Supplied material below:
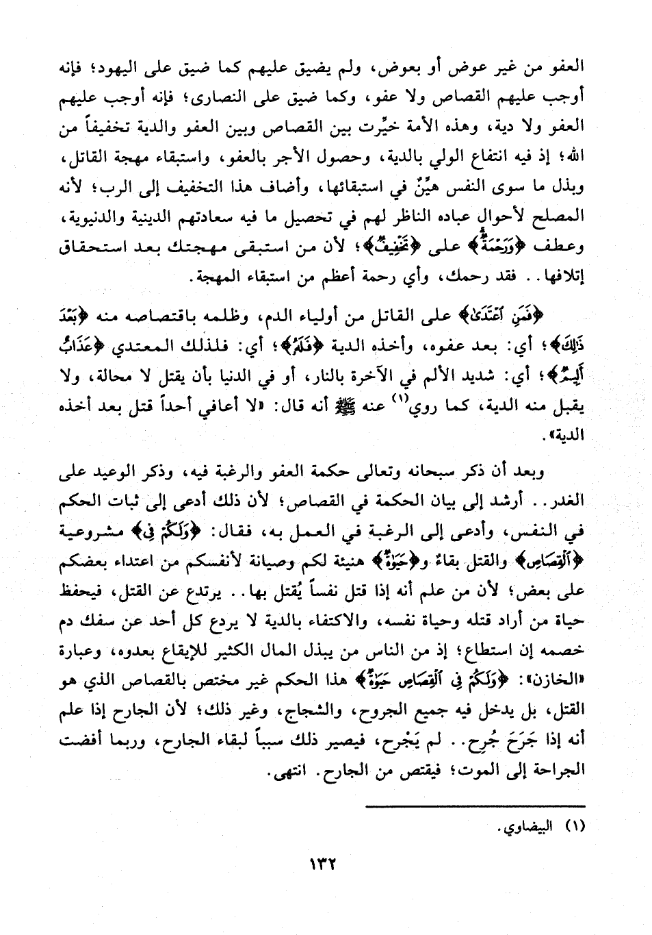 179 - وبعد أن ذكر سبحانه وتعالى حكمة العفو والرغبة فيه، وذكر الوعيد على الغدر .. أرشد إلى بيان الحكمة في القصاص؛ لأن ذلك أدعى إلى ثبات الحكم في النفس، وأدعى إلى الرغبة في العمل به، فقال: {وَلَكُمْ فِي} مشروعية {الْقِصَاصِ} والقتل بقاءٌ و {حَيَاةٌ} هنيئة لكم وصيانة لأنفسكم من اعتداء بعضكم على بعض؛ لأن من علم أنه إذا قتل نفسًا يُقتل بها .. يرتدع عن القتل، فيحفظ حياة من أراد قتله وحياة نفسه، والاكتفاء بالدية لا يردع كل أحد عن سفك دم خصمه إن استطاع؛ إذ من الناس من يبذل المال الكثير للإيقاع بعدوه، وعبارة "الخازن": {وَلَكُمْ فِي الْقِصَاصِ حَيَاةٌ} هذا الحكم غير مختص بالقصاص الذي هو القتل، بل يدخل فيه جميع الجروح، والشجاج، وغير ذلك؛ لأن الجارح إذا علم أنه إذا جَرَحَ جُرِح .. لم يَجْرح، فيصير ذلك سببًا لبقاء الجارح، وربما أفضت الجراحة إلى الموت؛ فيقتص من الجارح. انتهى.
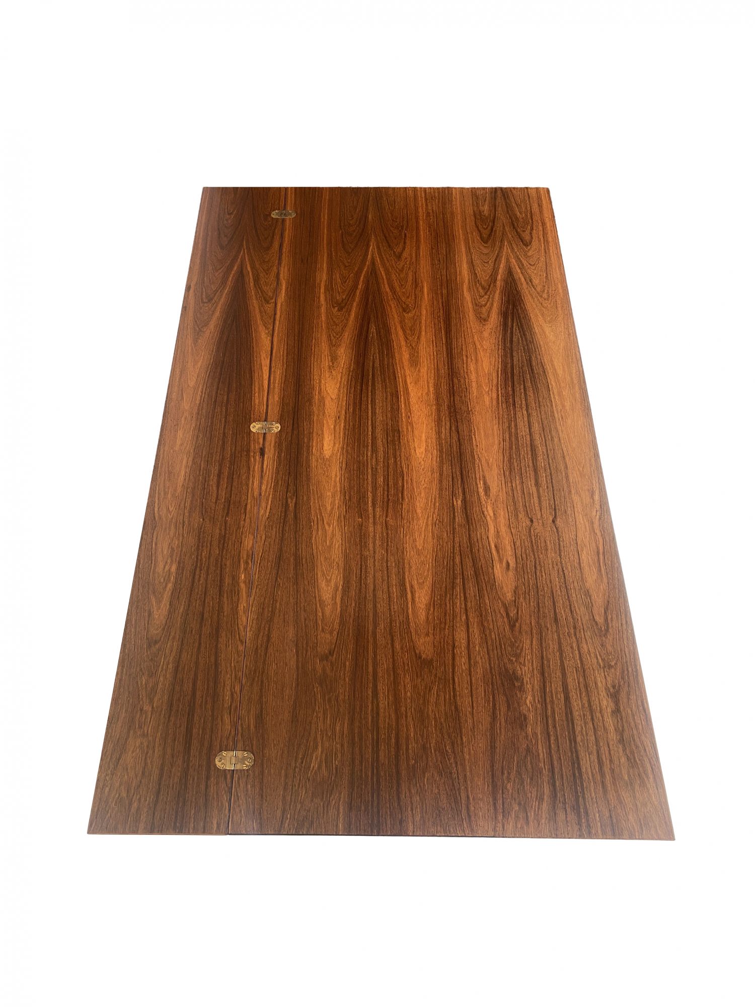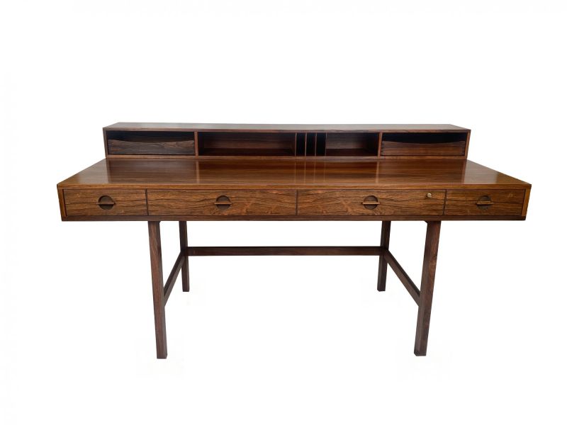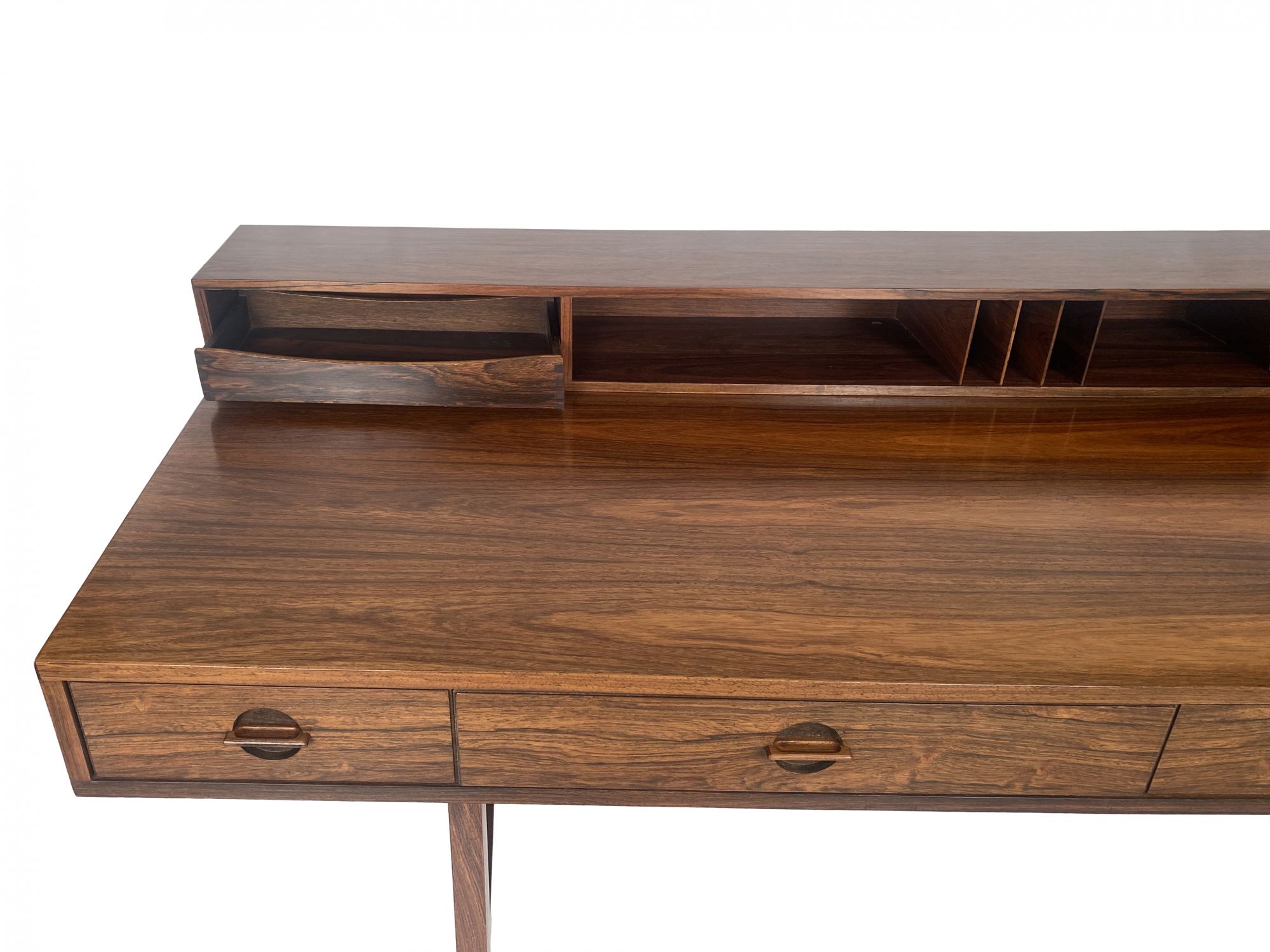 Rare desk in rosewood, designed by Peter Løvig Nielsen. Beautiful book-matched rosewood grain patterns throughout with mahogany drawer interiors. Lots of drawers and cubbyholes for storage, four drawers in main desk with nice sculpted pulls, the back side has cubby storage as well, the flip-top section retains its two pullout drawers, with exposed dovetail details, at each end of the flip-top cubby section. The flip-top is connected to the main desktop with very nice brass hinges that have been polished. When the top section is flipped the large flat area is perfect for use as a partners desk as well. The desk can also be placed in the center of a room as it is finished on all sides. Signed by maker. Key is available.
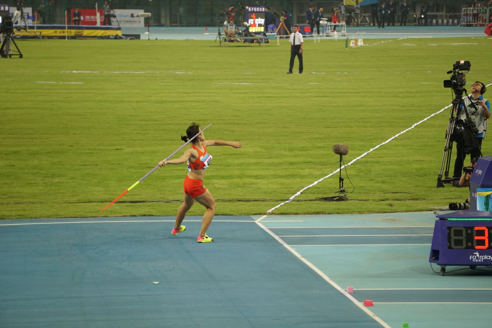 在刚刚结束的第十三届全国运动会标枪的决赛上,我校学子吕会会代表湖北队以62米70的成绩,摘得银牌。这也是吕会会第一次站在全运会的赛场。
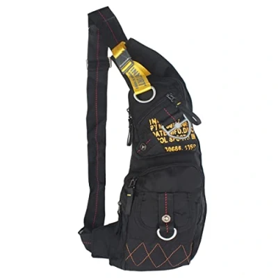MULTI COMPARTMENTS New Moon shape with multiple pockets for storage and organization Main compartment fits most tablets or medium camera perfectly Front pockets for phone wallets gear and small accessories points to clip carabiners clip a water bottle keys or climbing hooks Back pocket for small notebook and pens LIGHTWEIGHT (0 9 pounds) but STRONG A true friendly and awesome sling bag really good for carrying in sports travel hiking running cycling or use DURABLE and WATERPROOF The sling bag is made from highly rip and water resistant nylon provide strengthen and longlasting performance with minimal weight Dimensions are 22 8 x 10 2 x4 7 inches Strap adjustable suitable for men and women adults and kids
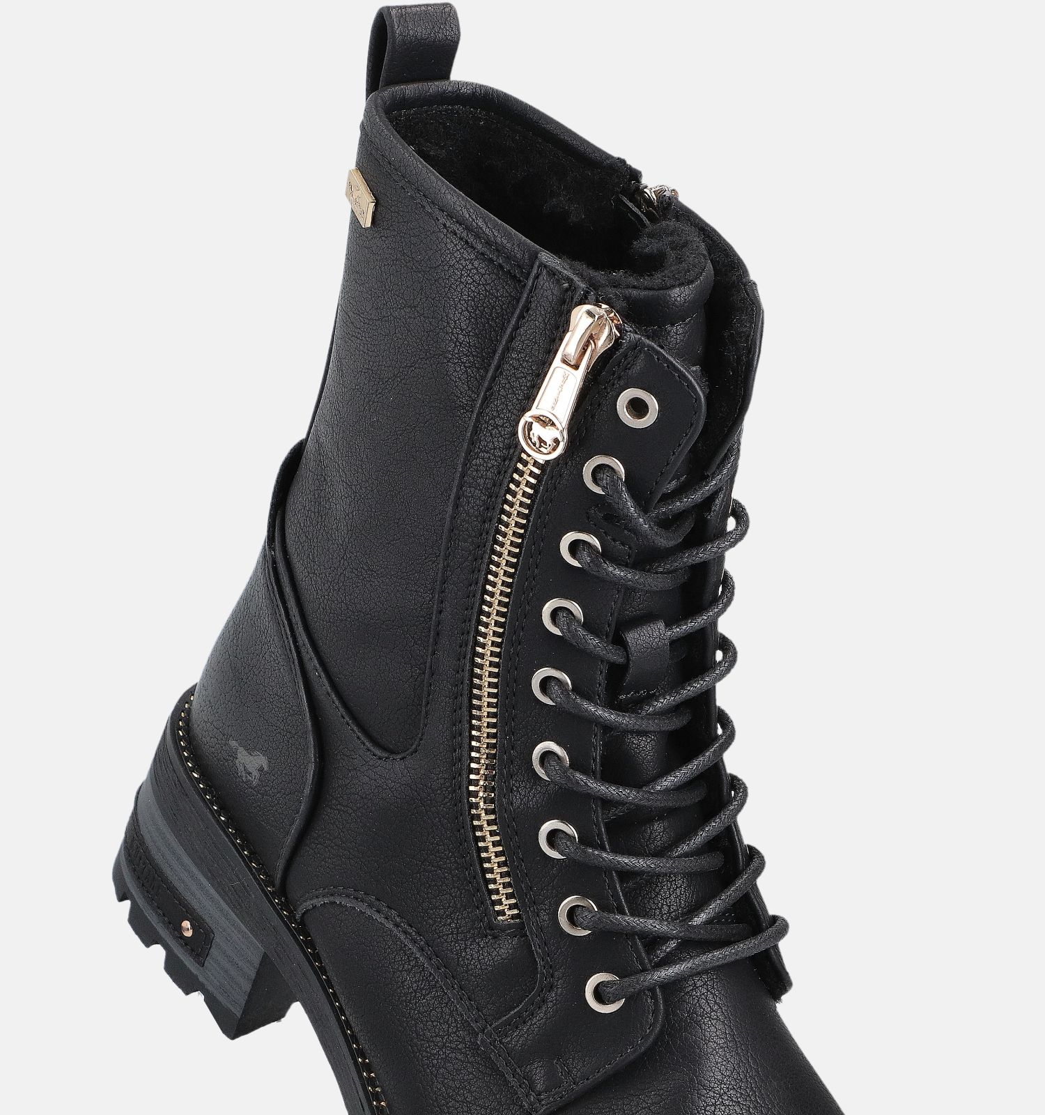 Deze veterlaars van Mustang is vervaardigd uit kunstleer en binnenin afgewerkt in stof.
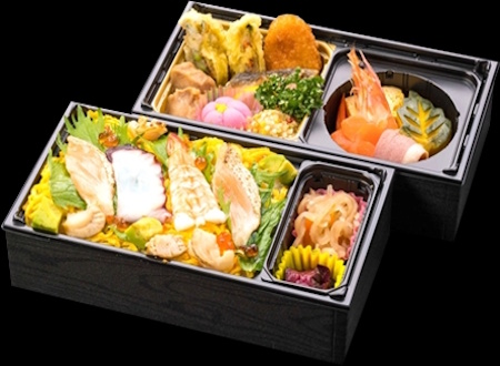 海鮮の乗ったちらし寿司と色とりどりのおかずを2段のお弁当に敷き詰めました。ボリュームも美味しさも満足いただけるお弁当となっております。
End of Supplied material.
» What to do
Reproduce, word for word, every line from the start of the records down to and including the line with "在刚刚结束的第十三届全国运动"; skip the pictures.

» Solution to this problem
 179 - وبعد أن ذكر سبحانه وتعالى حكمة العفو والرغبة فيه، وذكر الوعيد على الغدر .. أرشد إلى بيان الحكمة في القصاص؛ لأن ذلك أدعى إلى ثبات الحكم في النفس، وأدعى إلى الرغبة في العمل به، فقال: {وَلَكُمْ فِي} مشروعية {الْقِصَاصِ} والقتل بقاءٌ و {حَيَاةٌ} هنيئة لكم وصيانة لأنفسكم من اعتداء بعضكم على بعض؛ لأن من علم أنه إذا قتل نفسًا يُقتل بها .. يرتدع عن القتل، فيحفظ حياة من أراد قتله وحياة نفسه، والاكتفاء بالدية لا يردع كل أحد عن سفك دم خصمه إن استطاع؛ إذ من الناس من يبذل المال الكثير للإيقاع بعدوه، وعبارة "الخازن": {وَلَكُمْ فِي الْقِصَاصِ حَيَاةٌ} هذا الحكم غير مختص بالقصاص الذي هو القتل، بل يدخل فيه جميع الجروح، والشجاج، وغير ذلك؛ لأن الجارح إذا علم أنه إذا جَرَحَ جُرِح .. لم يَجْرح، فيصير ذلك سببًا لبقاء الجارح، وربما أفضت الجراحة إلى الموت؛ فيقتص من الجارح. انتهى.
 Rare desk in rosewood, designed by Peter Løvig Nielsen. Beautiful book-matched rosewood grain patterns throughout with mahogany drawer interiors. Lots of drawers and cubbyholes for storage, four drawers in main desk with nice sculpted pulls, the back side has cubby storage as well, the flip-top section retains its two pullout drawers, with exposed dovetail details, at each end of the flip-top cubby section. The flip-top is connected to the main desktop with very nice brass hinges that have been polished. When the top section is flipped the large flat area is perfect for use as a partners desk as well. The desk can also be placed in the center of a room as it is finished on all sides. Signed by maker. Key is available.
 在刚刚结束的第十三届全国运动会标枪的决赛上,我校学子吕会会代表湖北队以62米70的成绩,摘得银牌。这也是吕会会第一次站在全运会的赛场。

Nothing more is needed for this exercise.